More and more people are posting binary files to usenet these days.
Some of these binaries are executables and audio data; a majority seem to
be pictures of various things, typically landscapes, movie stars and naked
people. Because of limitations in the type data that usenet can accommodate,
binaries must be encoded into text, and because binary files are commonly very
large relative to text files usenet was designed to handle, they frequently
must be broken up into pieces. Programs have been developed which take a
given binary, encode it, and automatically post it in pieces with descriptive
subject lines.
When this data arrives at a remote site, users see subject lines
that look something like this:
12011 roadkill03.gif, part 1/4
12012 roadkill03.gif, part 3/4
12013 More pictures of tatooed children, please...
12014 Re: roadkill02.gif -- I love the way the eyes bulge out
12015 roadkill03.gif, part 4/4
12016 roseanne_nude.jpg, part 02 of 02
12017 Only BINARIES should be posted here, GOD DAMMIT
12018 roadkill03.gif, part 2/4
12019 HI, I'M BIFF!!!! THESE PIX ARE WAY COOL!!!!

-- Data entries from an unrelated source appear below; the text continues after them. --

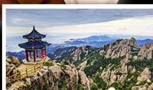
ภูเขาเหลาซาน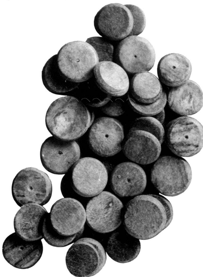
Fig. 1: Assortiment de jeu (jetons et dé).

Il contenait un matériel extrêmement intéressant constitué de 6 monnaies, d'un assortiment de jeu (40 jetons dont 2 portent en graffito le nom de leur propriétaire IUSTUS et 2 dés en os), d'une fibule, d'une petite boîte ronde (peut-être une boîte à cachet), d'une clé, de deux anneaux et d'un instrument métallique (peut-être une balance). 1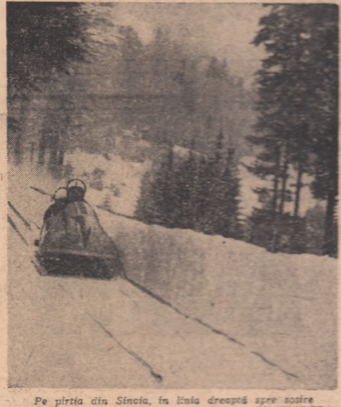
Pe pîrtia din Sinaia, în linia dreaptă spre soare.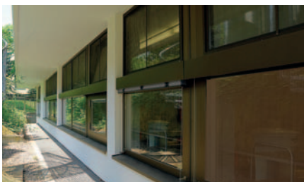
Gymnasium Wülfrath – Hebe-Schiebe-Anlagen mit Trespa-Fassade, inkl. Sonnenschutzanlagen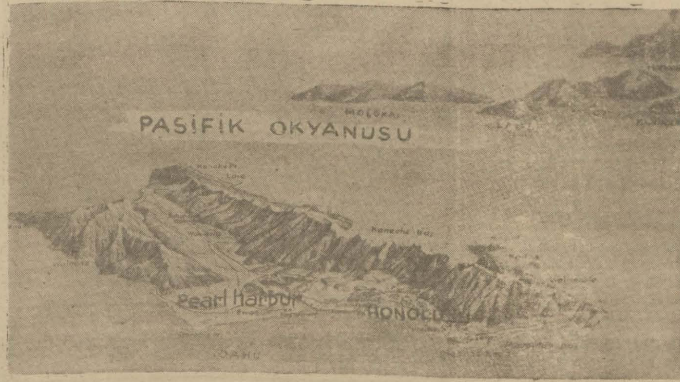
Haval adalarını gösterir temsili resim

Ankara 20 (Husul) — Hükümet, bayramın ayın sonuna yaklaştığını hesab ederek, memurların Sonkânun maaşını bayramdan evvel verme kararını vermiştir. Maliye Vekâleti hazırlanacaklara başlamış ve defterdarlıklara lazım gelen emri vermiştir.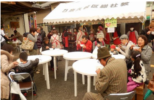
婦人会による300食の雑せんざいは大人気。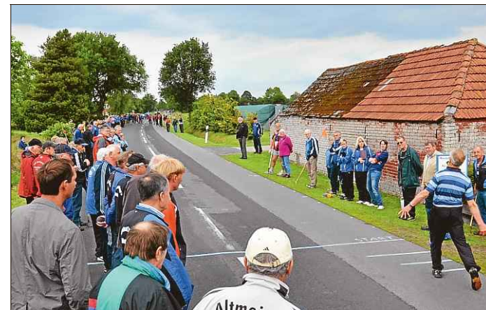
Zahlreiche Käkler und Mäkler säumten den Rand der Wurfstrecke.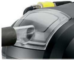
汚水タンク入り口でも確認可能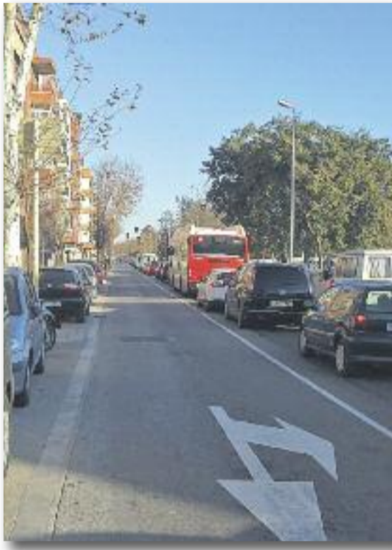
Cues a l'Avinguda Baix Llobregat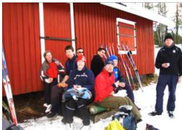
Fra en tidligere skijegertur fra Losby

12020 roseanne_nude.jpg, part 01 of 02
While the process of encoding and splitting up binaries for posting
to usenet is relatively straightforward, the process of retrieving, sorting,
and decoding the pieces (which do not necessarily arrive in order) at
receiving sites is less straightforward, tedious, time consuming, and very
prone to human error.
aub, which stands for "assemble usenet binaries", automates this
reassembly process for you. aub is intended for use in newsgroups to which
binaries are posted exclusively. When run, it accesses news articles via
either a disk-based news spool directory, or via an NNTP news server,
determines whether or not any new binaries have appeared in selected
newsgroups since the last time it was run, and if so, retrieves, organizes
and decodes them, depositing them in a configurable location. This process
requires no human intervention once aub has been configured. aub also keeps
track of binaries which it has seen some, but not all, of the pieces of. It
remembers how to find these old pieces, so that when new, previously missing
pieces arrive at your site, it will build the entire binary the next time it
is run. It also remembers which binaries it has already seen all of the
pieces of already, so that it does not waste time rebuilding the same binaries
over and over again.
aub was created as a time saver; too many people at too many sites
were spending way too much time manually unpacking binary files. Its ability
to identify and assemble binary images depends on people posting images with
subject lines that observe (loosely) established conventions. aub's
recognition capabilities have been significantly improved since the earliest
release.
2. How does aub work?
aub looks for subject lines containing strings like:
N of N
N / N
N N
N | N
where N is any number composed of one or more digits, and white
space is optional. Once it sees such a line, it tries to figure out a
name for the binary by looking at the rest of the subject line. These names
are relevant only to aub's internal functioning; when unpacked, binaries are
named according to the information they were encoded with. However, it's
important that, whatever internal name aub decides on for the binary, that
name be recognizable in the subject lines of all pieces.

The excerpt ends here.